No Made

NO MADE. Building in hard step

Millions and millions of people, at the risk of their lives, will continue, in any case, to flock to the so-called rich countries. It all depends on how rich we are talking about, not how welcoming they are. It is a historical trend, it is a fact, and no amount of anti-migrant rhetoric that is currently flourishing everywhere will be able to stand up to the march of history. They will wither, wither and rot. It is only a matter of time. I wouldn't pretend here to propose THE architectural solution to answer the camps in Calais and elsewhere, but I would like to try to come back to lighter things to perhaps be inspired by them.

There's something adventurous about temporary architecture. You arrive, you make your own thing, you stay there for a while, then you take it down and go somewhere else, to discover another place. A forest becomes the support for possible huts. Whether they are buried in the ground or hung in the branches, they are refuges, the guardians of secrets and limitless imagination.
A wasteland becomes the site of a fairground, of shows, games and joys etc. In all cases, we take, we understand the site as it is, we use it while respecting it, we reveal it in a different way and we disappear as if nothing had happened. A tent that is set up for a few days with its camp set up out of sight and the structure stretched out in the foreground transforms the perception of a space, it transforms it completely.
It would never occur to anyone to raze a forest to build a field of huts or it is called a housing estate.

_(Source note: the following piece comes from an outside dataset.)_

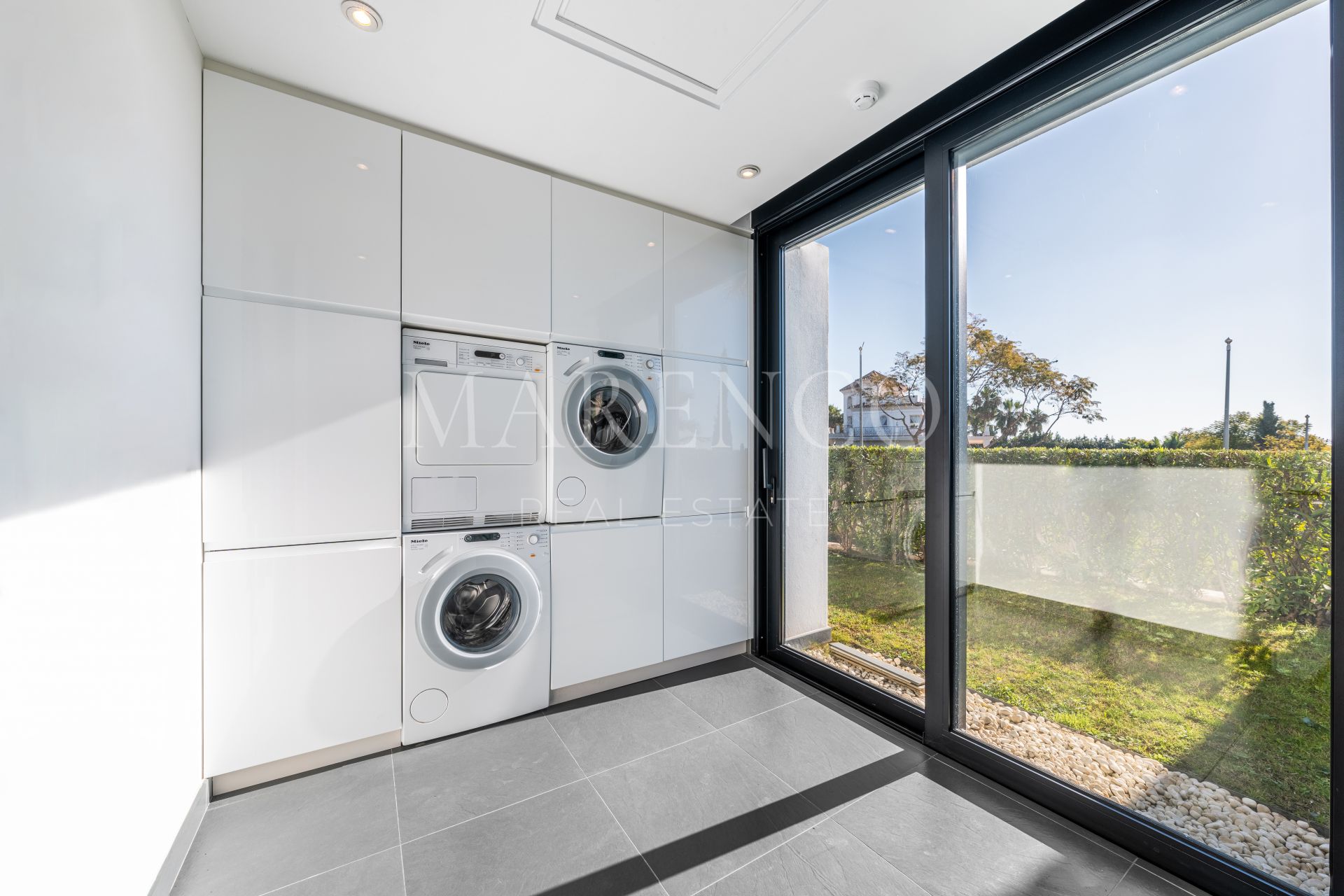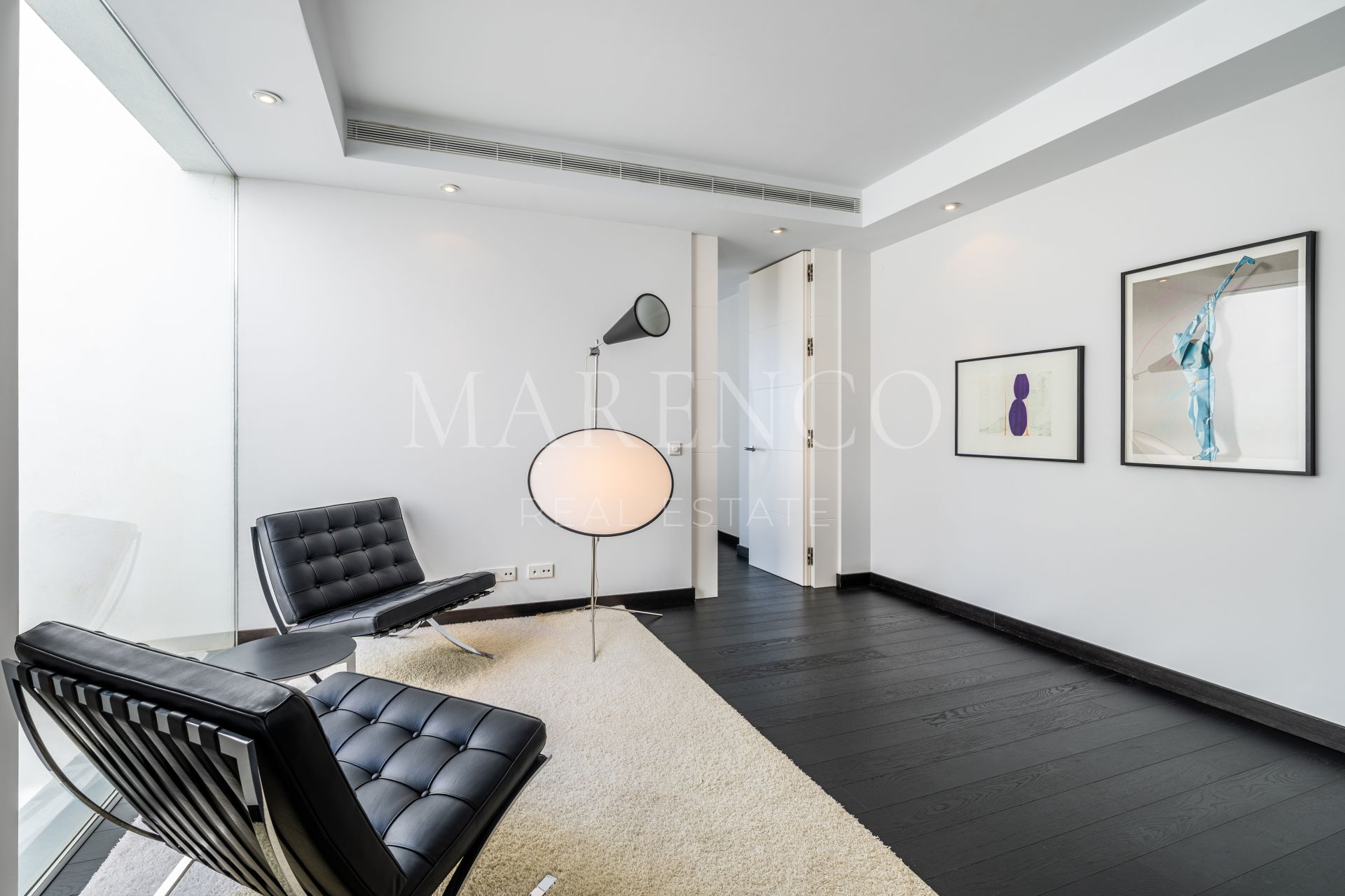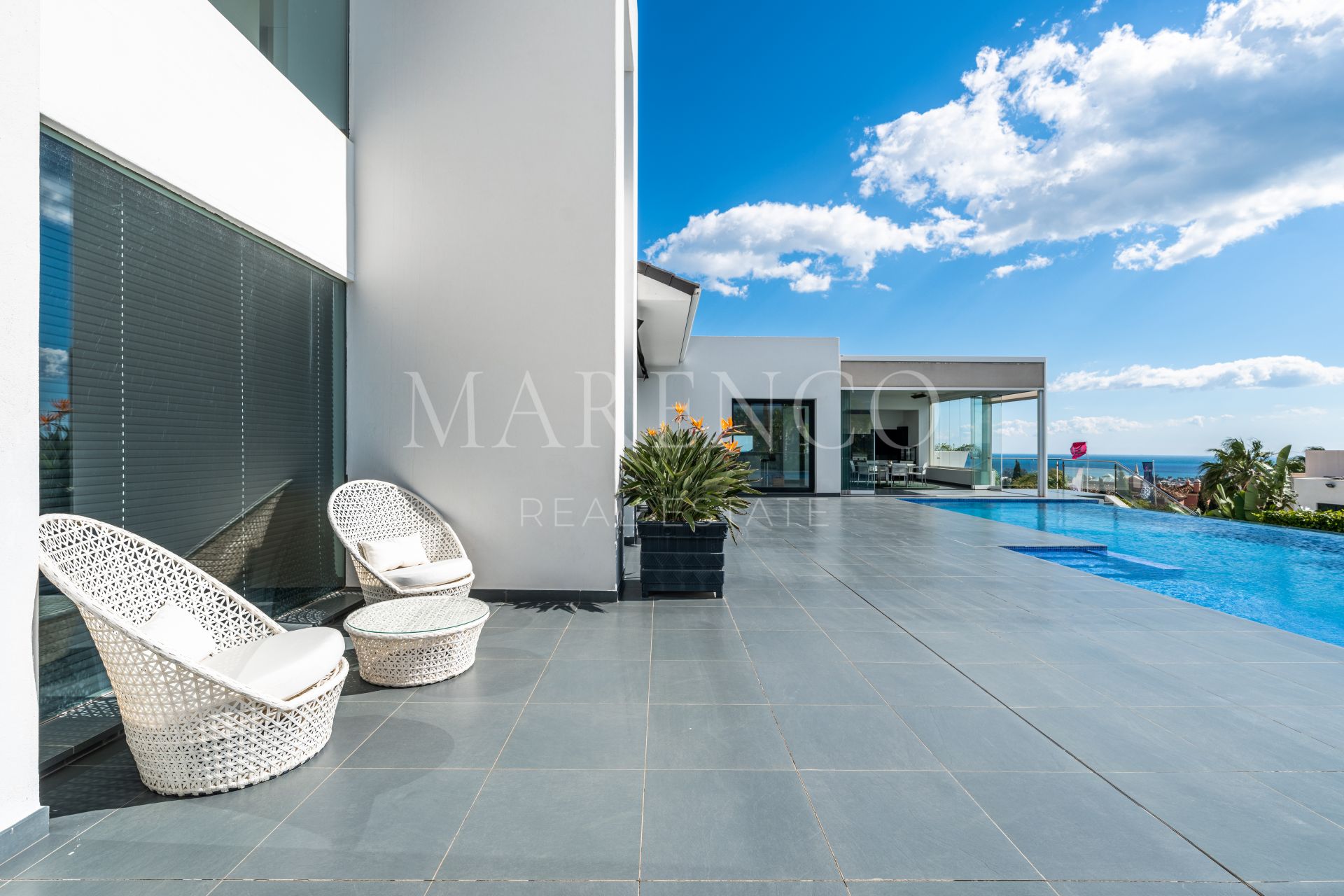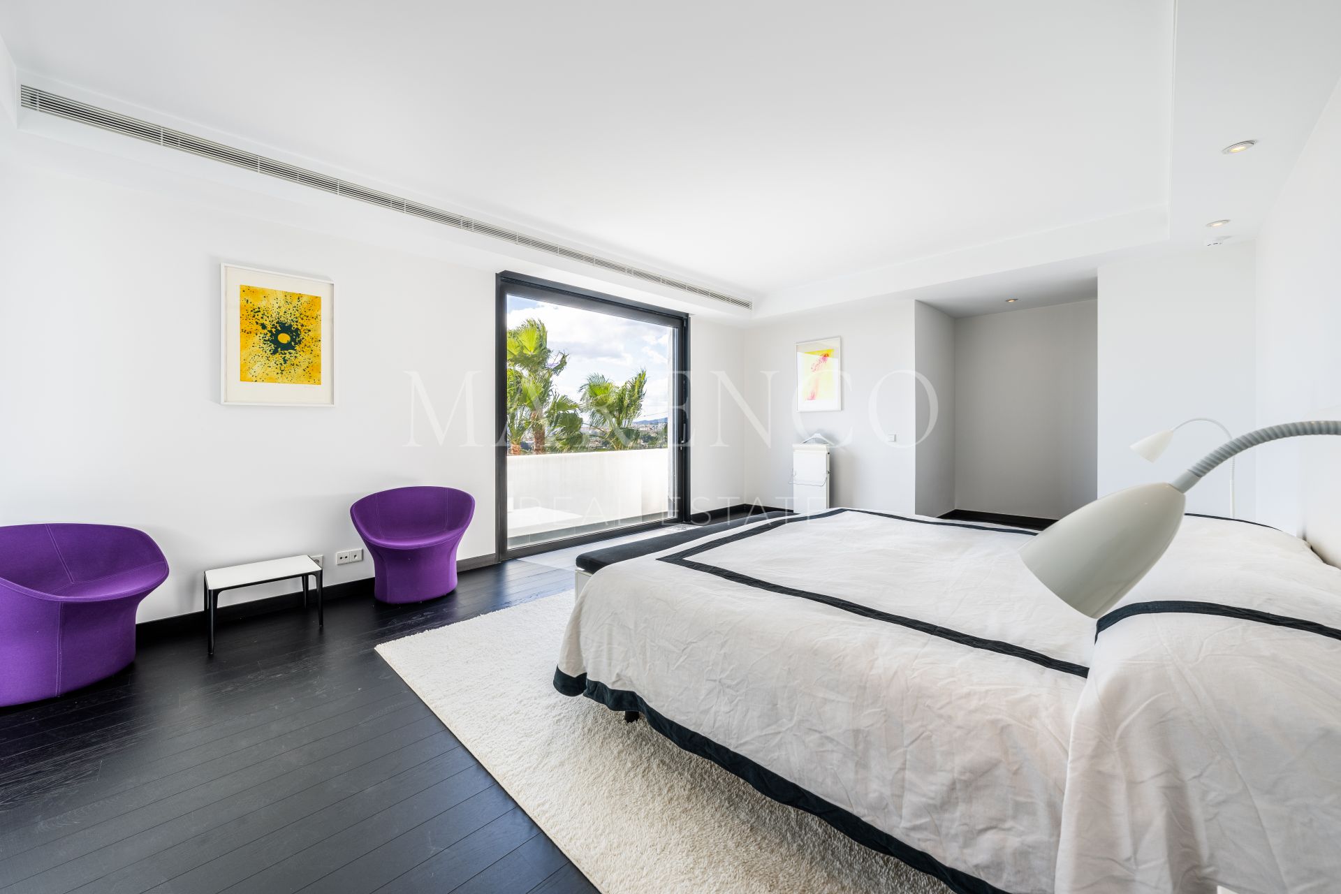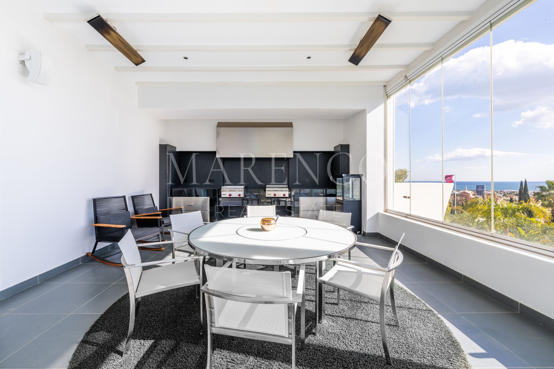 Cette propriété a les installations suivantes: appartement séparé, cave à vin, vue mer, appartement d'invités, jacuzzi, piscine climatisée, chauffage par le sol (partout), buanderie, alarme, double vitrage, volets électriques, placards, résidence fermée, excellent état, barbecue, service de sécurité 24h et vue panoramique.

There is a contextual intelligence and harmony in vernacular architecture that is forgotten when building hard. You'd think that hard building makes you dumb.
One is made to live and exist by considering only the essential, it tells a truth with all the life that goes with it, made of solidarity and violence too.

The other one has no reason to exist except to appear so.
One considers the instant and movement, the other exposes his fear of the passing of time and freezes it in an ostentatious image, tense for eternity.
One is a process, the other speaks of maintenance.
One suggests, the other imposes, it is the difference between eroticism and pornography.
To varying degrees, the contemporary architecture of cities where everything is seen, everything is known, no more streets but islands, open, always open, where there is no more depth of field, no more mystery, than close-ups. The façade says it all and everything becomes a screen. Whether it is the computer or the front wall, it confines its inhabitants to live only in front of or behind their shields. These new districts transform the city from a place of culture and exchange into an inert and vulgar place.
Poodle lawns have replaced the secret gardens. The city, once a land of adventure and what remains of human savagery, is gradually transforming its inhabitants into domestic animals.
The problem of cities is not their historical centre, which has been frozen for a long time, but their margins. Instead of wanting to reinvent Paris, which really doesn't need it, it is crucial to think about the future of these boundaries, the suburbs, the cities where watchmen rule the public space and where beautification work is most often symbolic because it amounts to increasing rents.

Before rethinking these districts in definitive ways from our beautiful bobo agencies, perhaps we should give time to ambitious and assertive urban and architectural experiments to make their effect. Let's stop making the pallet and the container sacred as if it were a good idea, or else it amounts to considering the human being as an improved commodity.
Let's build unique solutions, corresponding to each of the places that we will be asked to study in order to demonstrate their relevance and intelligence. This is undoubtedly a way to give the temporary a chance to take root.
Proposing solutions that are at first ephemeral is perhaps a way to get the city out of its conformist and comfortable gangue so that it can once again become a matrix of living matter and can finally get in tune with its time and its citizens. To make them concerned and part of a process that has been restarted so that they will once again want to defend not their city but the whole city.